15. Expect the Unexpected

Expecting the unexpected. What does that mean? Well, your perfect schedule will inevitably get a dent or two once in a while. For example: 

  • Your boss may ask you to take care of an urgent task suddenly.
  • A bigger problem with a client may pop up and require your full attention.
  • A client may suddenly show up, and you may have to deal with them.

So, instead of thinking nothing will happen and reacting to problems in real-time, plan for potential problems beforehand. You’ll save time and money. 


16. Filter Information

We are bombarded by information every day. But most of that information is irrelevant. You don’t need to know about a new SEO technique if you work in finance. Similarly, you shouldn’t have to read a whole credit report to find a single entry. 
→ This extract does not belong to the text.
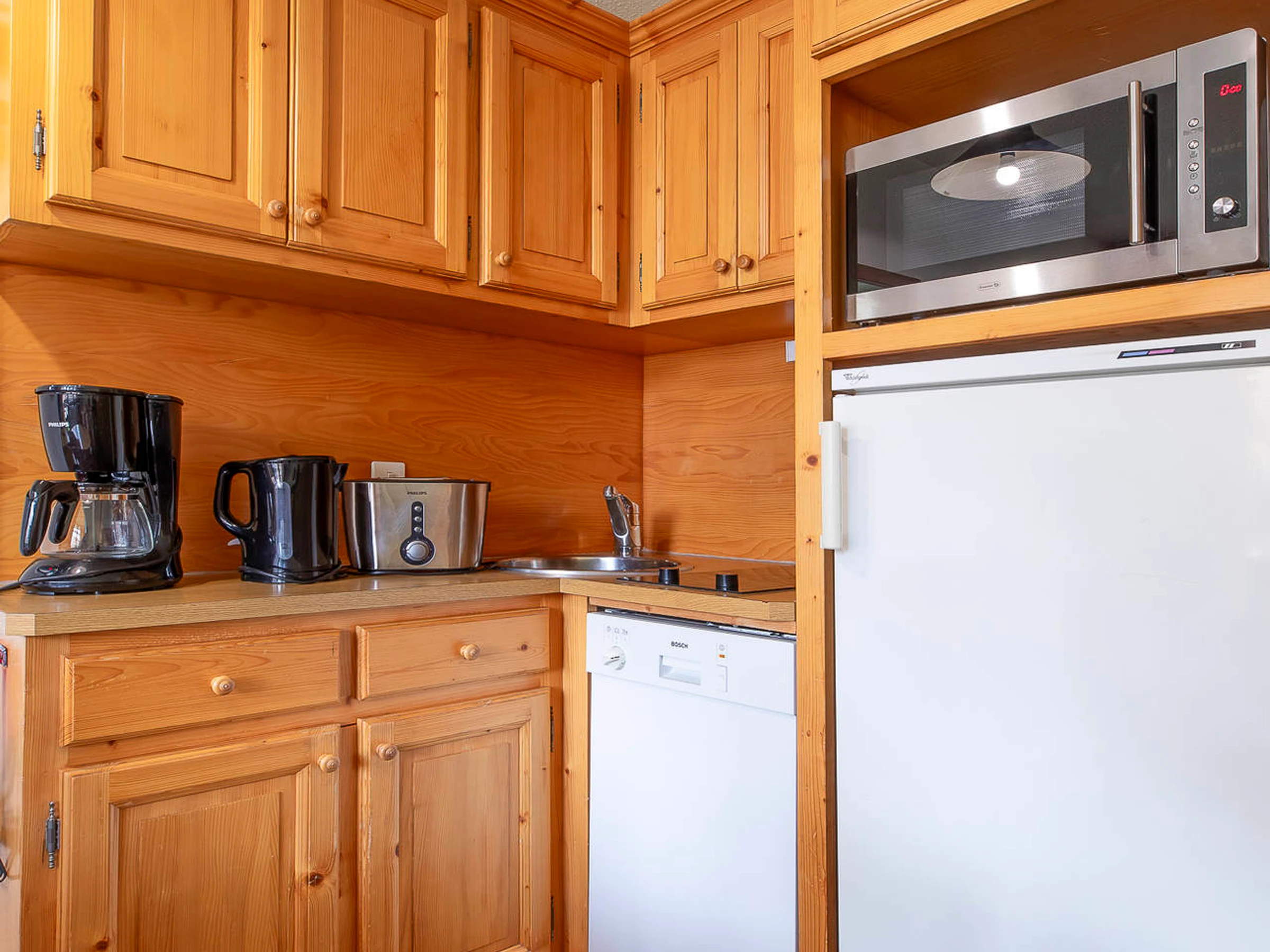 Wohnzimmer: Küche (Mikrowelle, Kochplatten, Kühlschrank, Geschirrspüler) -

So, filter out the useless information that comes to you during the day as you work, save time, and spend it on more worthwhile things. Here’s how to do that:

  • Put alerts on relevant topics.
  • Establish filters to separate unimportant emails.
  • Hire an assistant to forward important mail to you. 


17. Eat the Frog

This time management method is named after Mark Twain’s quote: “Eat a live frog the first thing in the morning, and nothing worse will happen to you the rest of the day.” 

Basically, it means doing the tasks you dread first and getting them done and over with. For example, if you dread going over the financial statements for Q3, look over them before you do anything else. This will put you at ease for the rest of the day, knowing that the tasks you want to avoid have been dealt with. 

Choose a Method That Works for You

There are more than a dozen ways to begin managing your busy schedule, but choosing the best method for you can be challenging. If that’s you, remember that you don’t have to try every method at once. 

Select a method that you find interesting, use it in your daily business life, and check if it works. If it works, good for you. Your search has ended. But if it doesn’t work as you imagined, you can move on to another time management method. 

It’s that easy. 

Finding a time management method that works for you is a process of trial and error. You’ll probably have to go through several methods before you find the one you’re comfortable with. But once you do, the rewards are going to be worth it.